Dataset extract START
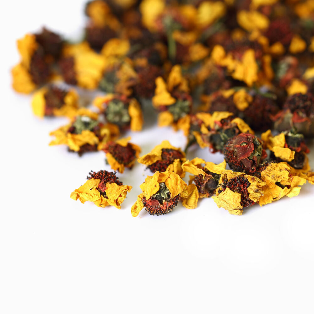 Xinjiang Kunlun snow chrysanthemum grows naturally in the north of Karakoram mountain, in the high cold area with an altitude of 3200 meters above sea level.It is the absolute treasure among all kinds of chrysanthemums since it grows in a pure natural environment without pollution. It is not only cheery red, nice-smelling and excellent taste as the pu'er tea or the red wine but also possesses the extremely obvious value of medicinal and health care. Chinese Snow Chrysanthemum improves the function of livers and eye sights, detoxify our body. Caffeine free, it does not cause any side-effects like tension and nervousness.
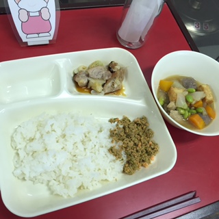 本日の献立は「焼きとり・豚肉とあつあげの煮もの・紅ざけそぼろ・ごはん・牛乳」でした。
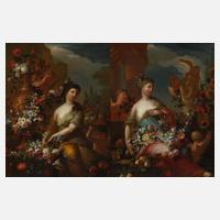 Gegenstücke als Allegorie auf den Sommer, je mit Darstellung einer leicht bekleideten jungen Göttin, einmal brünette Frau als Göttin der Blüte "Flora" bzw. blonde Schönheit als Göttin der Baumfrucht "Pomona", stets umgeben von Blumen und Früchte bringenden Putti, inmitten barocker Parkarchitektur, die Malerei besticht durch ihre heitere Gestimmtheit, der feinen Farbigkeit und besonders durch die minutiös mit spitzem Pinsel lasierend bis ins feinste Detail erfassten prächtigen Blumenbuketts und Früchtearrangements, Öl auf Leinwand, aus der Hochzeit des Künstlers um 1700, je links unten signiert "Gas. P. Verbruggen", rückseitig je undeutlich auf der Leinwand gestempelt einmal Versteigerungsetikett "Sotheby´s ..." und je Inventaretikett "Schloß Ricklingen ..." je mit Titel und Künstlerangabe "Caspar Peter Verbruggen 1664–1730", feine Craquelure, je doubliert und minimal restauriert, als Pendants im Goldstuckrahmen gerahmt, Falzmaße je ca. 50 x 39 cm. Künstlerinfo: auch Gasparo, Kaspar oder Caspar, Pedro, Pieter oder Peter Verbruggen, niederländischer Blumenmaler (1664 Antwerpen bis 1730 Antwerpen) Sohn und Schüler des Gaspar Peeter Verbruggen dem Älteren (1635–1681), um 1677 bereits Aufnahme als Meister in die Antwerpener St. Lukasgilde, ab 1680 bildet er Lehrlinge aus, ab 1691 Direktor der Akademie Antwerpen, 1691/92 erstmals Vorsteher der St. Lukasgilde, 1706–23 in Den Haag ansässig, hier Zusammenarbeit mit Matthäus Terwesten (1670–1757), ab 1708 Mitglied der Akademie Den Haag, der Künstler verdiente großen Reichtum, der ihm auf Grund eines unsteten und teuren Lebenswandels zerrann, 1723, verarmt, Rückkehr nach Antwerpen, hier Annahme einer Stellung als Dienstboote der St. Lukasgilde, der auf feinste Blumen- und Früchtemalerei spezialisierte Verbruggen unterhielt eine Werkstatt, in der unterschiedlich spezialisierte Mitarbeiter verschiedene Partien der Gemälde wie Figuren oder Architekturen malten, so stammen meist nur die Blütengirlanden und Obstarrangements von Verbruggen, der die Gemälde mit seinem Namen versah, Quelle: Thieme-Becker, Saur "Bio-Bibliographisches Künstlerlexikon", Wurzbach, Bénézit, Müller-Singer, Seubert, Müller-Klunzinger, Nagler und englische Wikipedia.
Dataset extract END
■ Your assignment
Leave the images out as you retype each line of the material exactly.

■ Your solution
 Xinjiang Kunlun snow chrysanthemum grows naturally in the north of Karakoram mountain, in the high cold area with an altitude of 3200 meters above sea level.It is the absolute treasure among all kinds of chrysanthemums since it grows in a pure natural environment without pollution. It is not only cheery red, nice-smelling and excellent taste as the pu'er tea or the red wine but also possesses the extremely obvious value of medicinal and health care. Chinese Snow Chrysanthemum improves the function of livers and eye sights, detoxify our body. Caffeine free, it does not cause any side-effects like tension and nervousness.
 本日の献立は「焼きとり・豚肉とあつあげの煮もの・紅ざけそぼろ・ごはん・牛乳」でした。
 Gegenstücke als Allegorie auf den Sommer, je mit Darstellung einer leicht bekleideten jungen Göttin, einmal brünette Frau als Göttin der Blüte "Flora" bzw. blonde Schönheit als Göttin der Baumfrucht "Pomona", stets umgeben von Blumen und Früchte bringenden Putti, inmitten barocker Parkarchitektur, die Malerei besticht durch ihre heitere Gestimmtheit, der feinen Farbigkeit und besonders durch die minutiös mit spitzem Pinsel lasierend bis ins feinste Detail erfassten prächtigen Blumenbuketts und Früchtearrangements, Öl auf Leinwand, aus der Hochzeit des Künstlers um 1700, je links unten signiert "Gas. P. Verbruggen", rückseitig je undeutlich auf der Leinwand gestempelt einmal Versteigerungsetikett "Sotheby´s ..." und je Inventaretikett "Schloß Ricklingen ..." je mit Titel und Künstlerangabe "Caspar Peter Verbruggen 1664–1730", feine Craquelure, je doubliert und minimal restauriert, als Pendants im Goldstuckrahmen gerahmt, Falzmaße je ca. 50 x 39 cm. Künstlerinfo: auch Gasparo, Kaspar oder Caspar, Pedro, Pieter oder Peter Verbruggen, niederländischer Blumenmaler (1664 Antwerpen bis 1730 Antwerpen) Sohn und Schüler des Gaspar Peeter Verbruggen dem Älteren (1635–1681), um 1677 bereits Aufnahme als Meister in die Antwerpener St. Lukasgilde, ab 1680 bildet er Lehrlinge aus, ab 1691 Direktor der Akademie Antwerpen, 1691/92 erstmals Vorsteher der St. Lukasgilde, 1706–23 in Den Haag ansässig, hier Zusammenarbeit mit Matthäus Terwesten (1670–1757), ab 1708 Mitglied der Akademie Den Haag, der Künstler verdiente großen Reichtum, der ihm auf Grund eines unsteten und teuren Lebenswandels zerrann, 1723, verarmt, Rückkehr nach Antwerpen, hier Annahme einer Stellung als Dienstboote der St. Lukasgilde, der auf feinste Blumen- und Früchtemalerei spezialisierte Verbruggen unterhielt eine Werkstatt, in der unterschiedlich spezialisierte Mitarbeiter verschiedene Partien der Gemälde wie Figuren oder Architekturen malten, so stammen meist nur die Blütengirlanden und Obstarrangements von Verbruggen, der die Gemälde mit seinem Namen versah, Quelle: Thieme-Becker, Saur "Bio-Bibliographisches Künstlerlexikon", Wurzbach, Bénézit, Müller-Singer, Seubert, Müller-Klunzinger, Nagler und englische Wikipedia.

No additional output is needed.